### Data extract
+ + + + + + +
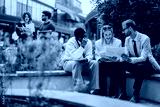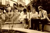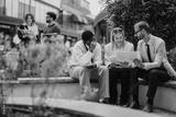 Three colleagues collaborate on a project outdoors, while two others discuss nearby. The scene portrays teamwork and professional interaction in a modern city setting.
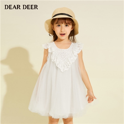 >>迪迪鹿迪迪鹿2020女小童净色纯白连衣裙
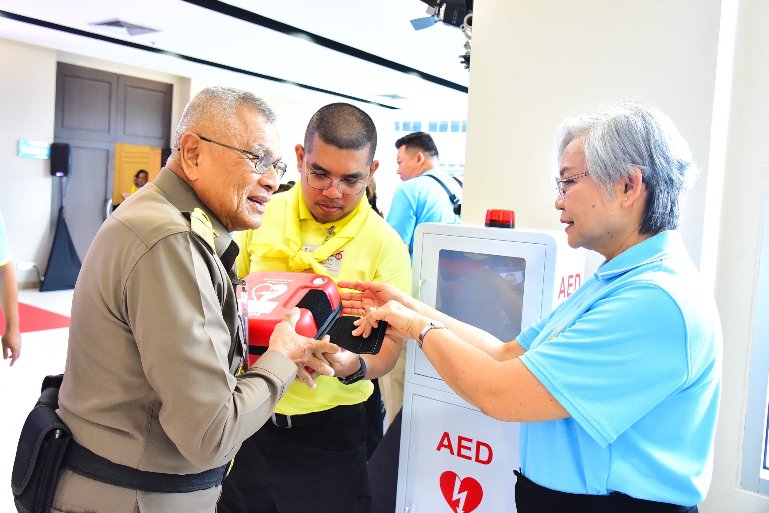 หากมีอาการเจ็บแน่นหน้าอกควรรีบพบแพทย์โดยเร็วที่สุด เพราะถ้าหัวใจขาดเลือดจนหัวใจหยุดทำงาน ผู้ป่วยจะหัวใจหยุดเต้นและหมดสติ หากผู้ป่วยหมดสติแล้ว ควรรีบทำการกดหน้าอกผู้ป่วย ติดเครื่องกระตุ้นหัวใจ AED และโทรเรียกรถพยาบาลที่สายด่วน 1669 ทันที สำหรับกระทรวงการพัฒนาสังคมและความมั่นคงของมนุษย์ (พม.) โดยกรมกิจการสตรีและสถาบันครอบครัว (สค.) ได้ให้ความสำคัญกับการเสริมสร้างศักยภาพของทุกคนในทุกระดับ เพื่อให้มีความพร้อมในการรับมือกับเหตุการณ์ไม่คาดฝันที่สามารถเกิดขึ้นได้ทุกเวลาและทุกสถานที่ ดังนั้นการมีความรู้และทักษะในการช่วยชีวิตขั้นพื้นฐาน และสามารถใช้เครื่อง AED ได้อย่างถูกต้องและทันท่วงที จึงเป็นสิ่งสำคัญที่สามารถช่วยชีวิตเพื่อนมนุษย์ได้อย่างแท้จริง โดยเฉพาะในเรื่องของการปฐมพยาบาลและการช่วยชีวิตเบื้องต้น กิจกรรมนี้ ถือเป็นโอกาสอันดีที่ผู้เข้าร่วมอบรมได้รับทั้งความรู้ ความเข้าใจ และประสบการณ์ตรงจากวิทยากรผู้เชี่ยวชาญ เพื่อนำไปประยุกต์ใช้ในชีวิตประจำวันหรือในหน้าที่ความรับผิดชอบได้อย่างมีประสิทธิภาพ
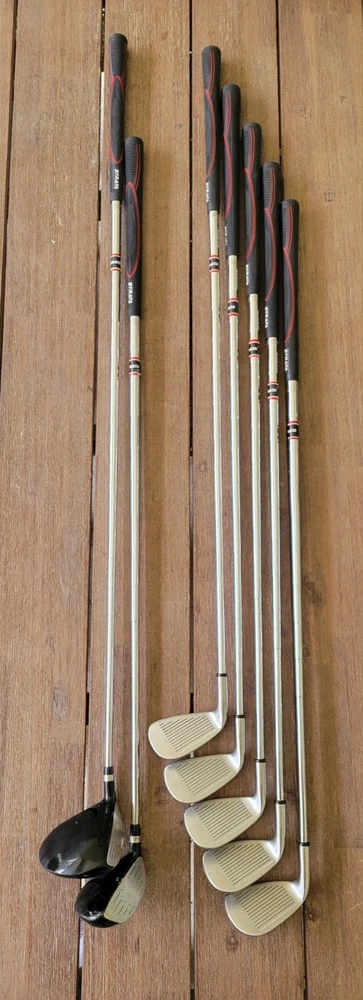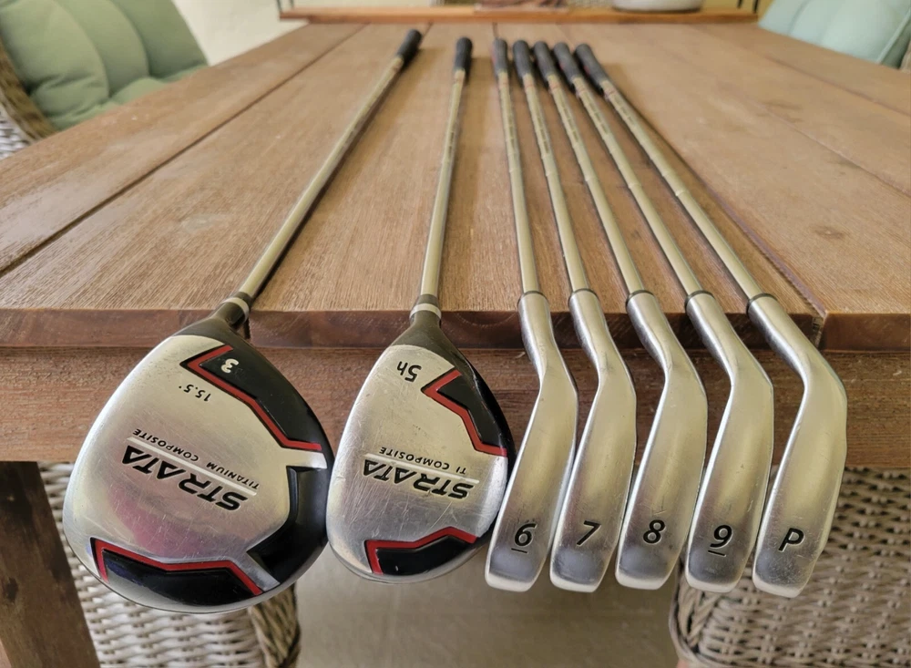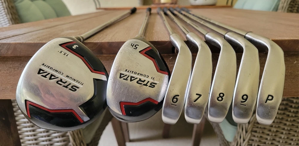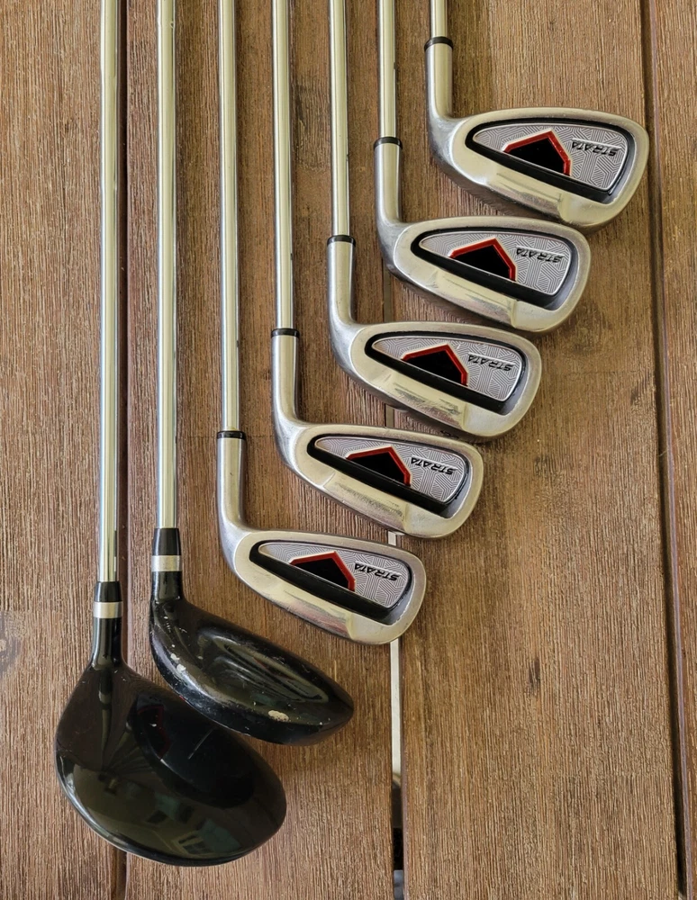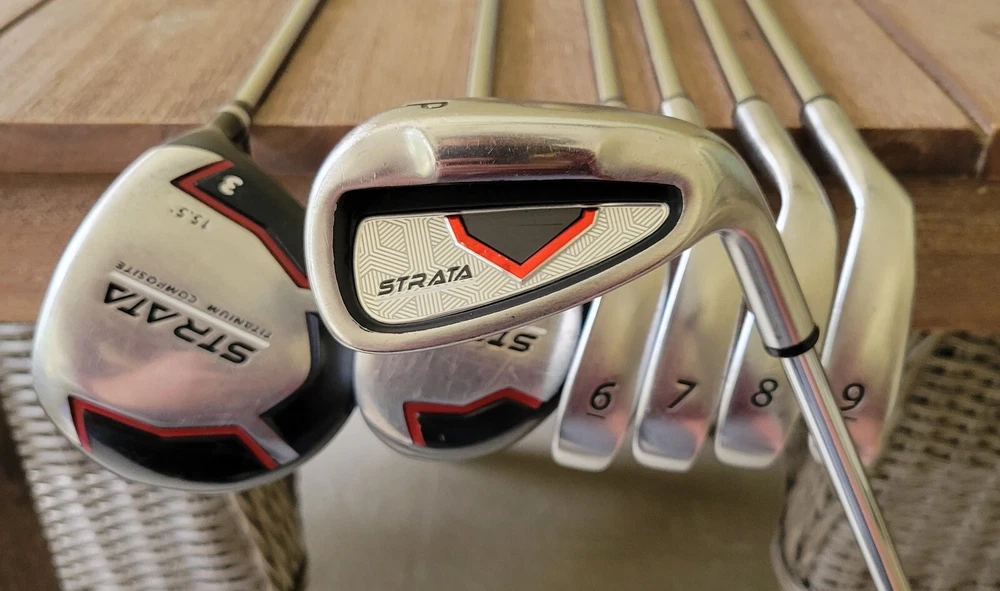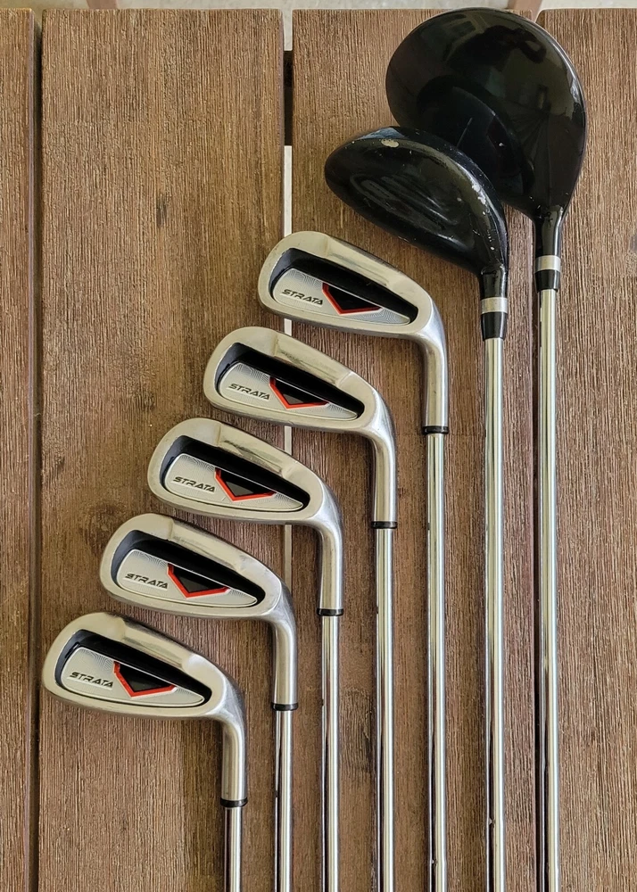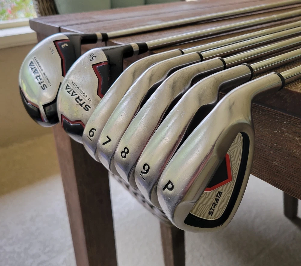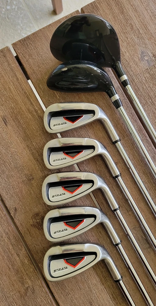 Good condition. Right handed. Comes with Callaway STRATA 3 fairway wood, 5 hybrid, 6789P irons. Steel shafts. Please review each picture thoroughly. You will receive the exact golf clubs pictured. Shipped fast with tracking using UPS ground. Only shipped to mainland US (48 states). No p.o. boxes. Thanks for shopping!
+ + + + + + +
The full listing above, duplicated exactly and without its pictures, is the answer.

### Completed task
 Three colleagues collaborate on a project outdoors, while two others discuss nearby. The scene portrays teamwork and professional interaction in a modern city setting.
 >>迪迪鹿迪迪鹿2020女小童净色纯白连衣裙
 หากมีอาการเจ็บแน่นหน้าอกควรรีบพบแพทย์โดยเร็วที่สุด เพราะถ้าหัวใจขาดเลือดจนหัวใจหยุดทำงาน ผู้ป่วยจะหัวใจหยุดเต้นและหมดสติ หากผู้ป่วยหมดสติแล้ว ควรรีบทำการกดหน้าอกผู้ป่วย ติดเครื่องกระตุ้นหัวใจ AED และโทรเรียกรถพยาบาลที่สายด่วน 1669 ทันที สำหรับกระทรวงการพัฒนาสังคมและความมั่นคงของมนุษย์ (พม.) โดยกรมกิจการสตรีและสถาบันครอบครัว (สค.) ได้ให้ความสำคัญกับการเสริมสร้างศักยภาพของทุกคนในทุกระดับ เพื่อให้มีความพร้อมในการรับมือกับเหตุการณ์ไม่คาดฝันที่สามารถเกิดขึ้นได้ทุกเวลาและทุกสถานที่ ดังนั้นการมีความรู้และทักษะในการช่วยชีวิตขั้นพื้นฐาน และสามารถใช้เครื่อง AED ได้อย่างถูกต้องและทันท่วงที จึงเป็นสิ่งสำคัญที่สามารถช่วยชีวิตเพื่อนมนุษย์ได้อย่างแท้จริง โดยเฉพาะในเรื่องของการปฐมพยาบาลและการช่วยชีวิตเบื้องต้น กิจกรรมนี้ ถือเป็นโอกาสอันดีที่ผู้เข้าร่วมอบรมได้รับทั้งความรู้ ความเข้าใจ และประสบการณ์ตรงจากวิทยากรผู้เชี่ยวชาญ เพื่อนำไปประยุกต์ใช้ในชีวิตประจำวันหรือในหน้าที่ความรับผิดชอบได้อย่างมีประสิทธิภาพ
 Good condition. Right handed. Comes with Callaway STRATA 3 fairway wood, 5 hybrid, 6789P irons. Steel shafts. Please review each picture thoroughly. You will receive the exact golf clubs pictured. Shipped fast with tracking using UPS ground. Only shipped to mainland US (48 states). No p.o. boxes. Thanks for shopping!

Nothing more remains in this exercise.